Virginia Postrel on Style 11/27/2006
EconTalk
YouTube Description
Author and journalist Virginia Postrel talks about how business competes for customers using style and beauty, going beyond price and the standard measures of quality. She looks at the role of appearance in our daily lives and the change from earlier times when style and beauty were luxuries accessible only to the wealthy. She also talks about her donation of a kidney to a friend and how that affected the intensity of her feelings about the policies surrounding organ donations. http://www.econtalk.org/postrel-on-style/
Claims (31)
Much of what social critics assume is status competition is in fact not competition but the pursuit of new pleasures—e.g., wanting leather seats after enjoying a friend's car is about discovering a pleasure one could have, not showing up the friend; and there is no single status hierarchy.

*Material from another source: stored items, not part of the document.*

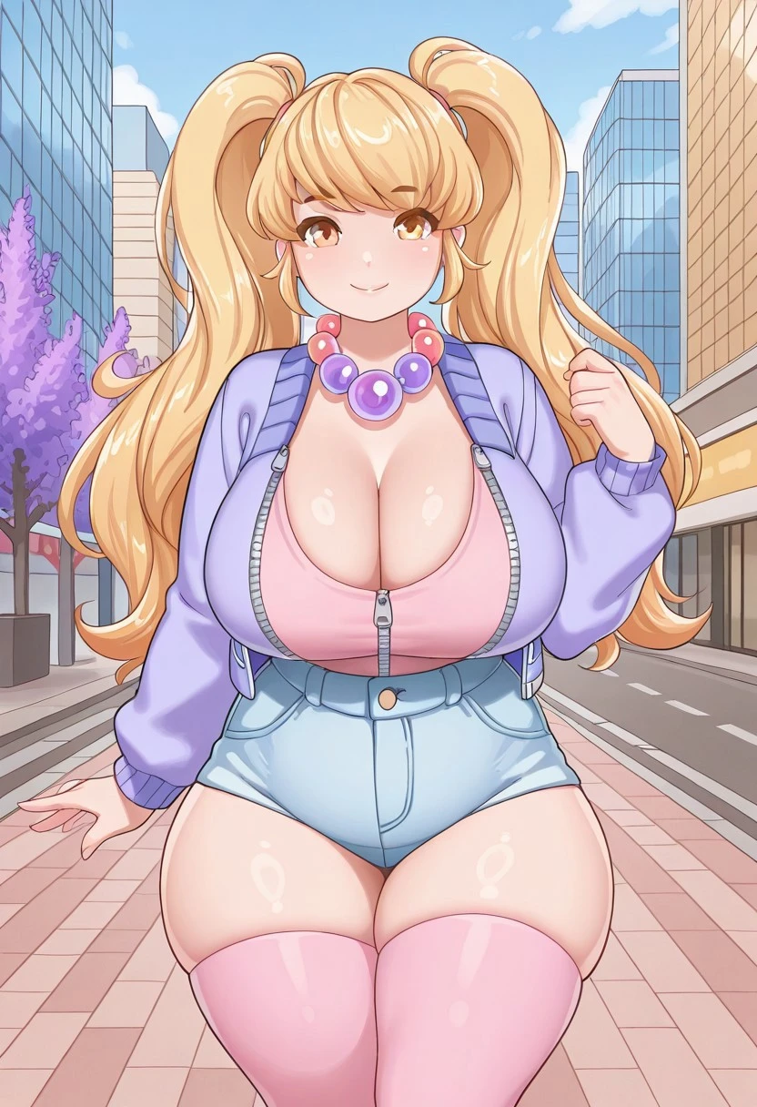 Vanessa_BC, blonde hair, long hair, twintails, amber eyes, massive breasts, chubby, wide hips, thick thighs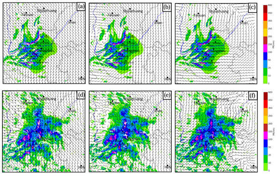 The 36 h wind field (barbs) at 2 km, 5.5 km, and 8.5 km heights and the 12 h accumulative precipitation (color-filled) from 00 to 12 UTC on 20 July 2021, with models starting from 00 UTC on 19 July: (a–c) ICAR; (d–f) WRF. Additionally, the white contour lines represent instantaneous vertical velocities of 1, 2, and 3 m s−1 at the 36 h lead time.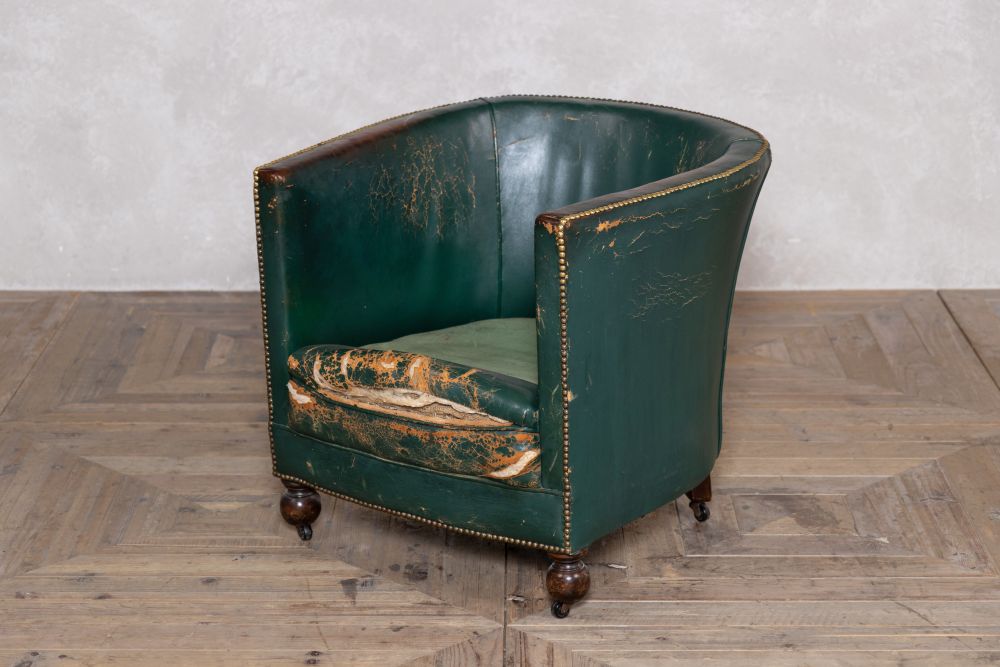 This Victorian tub chair showcases classic turquoise leather upholstery, with decorative studding along its curved edges and traditional turned wooden feet. While the patina shows authentic signs of age through its weathered leather and distressed detailing, this piece requires restoration work to return it to its former glory. Despite its current condition, this genuine piece of Victorian craftsmanship exhibits the character and charm of its period, waiting to be revitalised to its original splendour. The turquoise leather, though worn, speaks to the bold colour choices of Victorian furniture makers who weren't afraid to make a statement.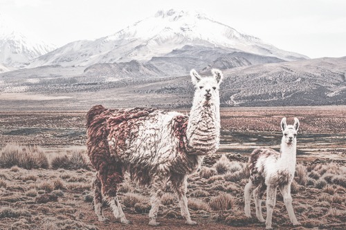 Framed Retro Vintage Alpaca Duo in Mountains Animals Wildlife Photography Realism Tropical Scenic Colorful Living Room Bedroom Office Natural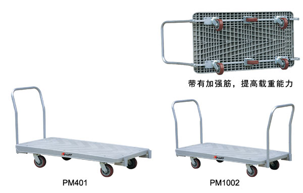 ● 塑料大臺面設計.底部帶有加強筋,載重能力強 ● 400Kg和1000Kg推車帶有兩個直輪,兩個萬向輪 ● 1500Kg推車帶有兩個直輪.四千萬向輪 ● 適用于倉庫、郵政,辦公樓等場所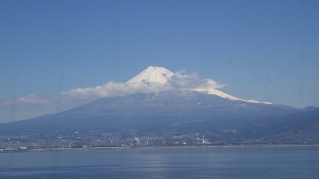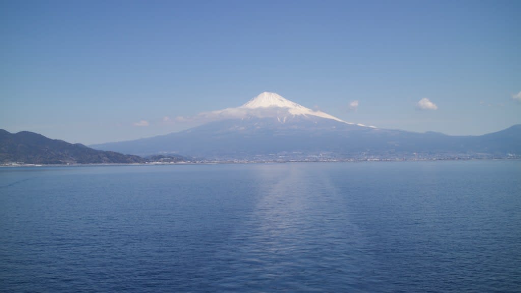 晴天になってよかった!富士山がはっきりそして大きく見えます。このクルーズの景色の山場です!

Beaded shoes illustrate diffusion: a new beading technology lowers cost; expensive-shoe makers may capture the savings for one season, but over time the aesthetic improvement filters down to mid-range and cheap shoes without higher prices, meaning consumers get more for their money.
The all-white 'heavenly bed' overturned the hotel-industry tradition of using dirt-hiding floral bedspreads: although white shows dirt and required special cleaning, customers perceive an all-white, visibly-clean room as cleaner (and it probably is), so the look became widely copied.
Where government competes with the private sector, some service improvements (e.g., a better government cafeteria to attract employees) would happen anyway through market forces, so Thaler's libertarian paternalism is really just giving the government consulting advice and is poorly labeled.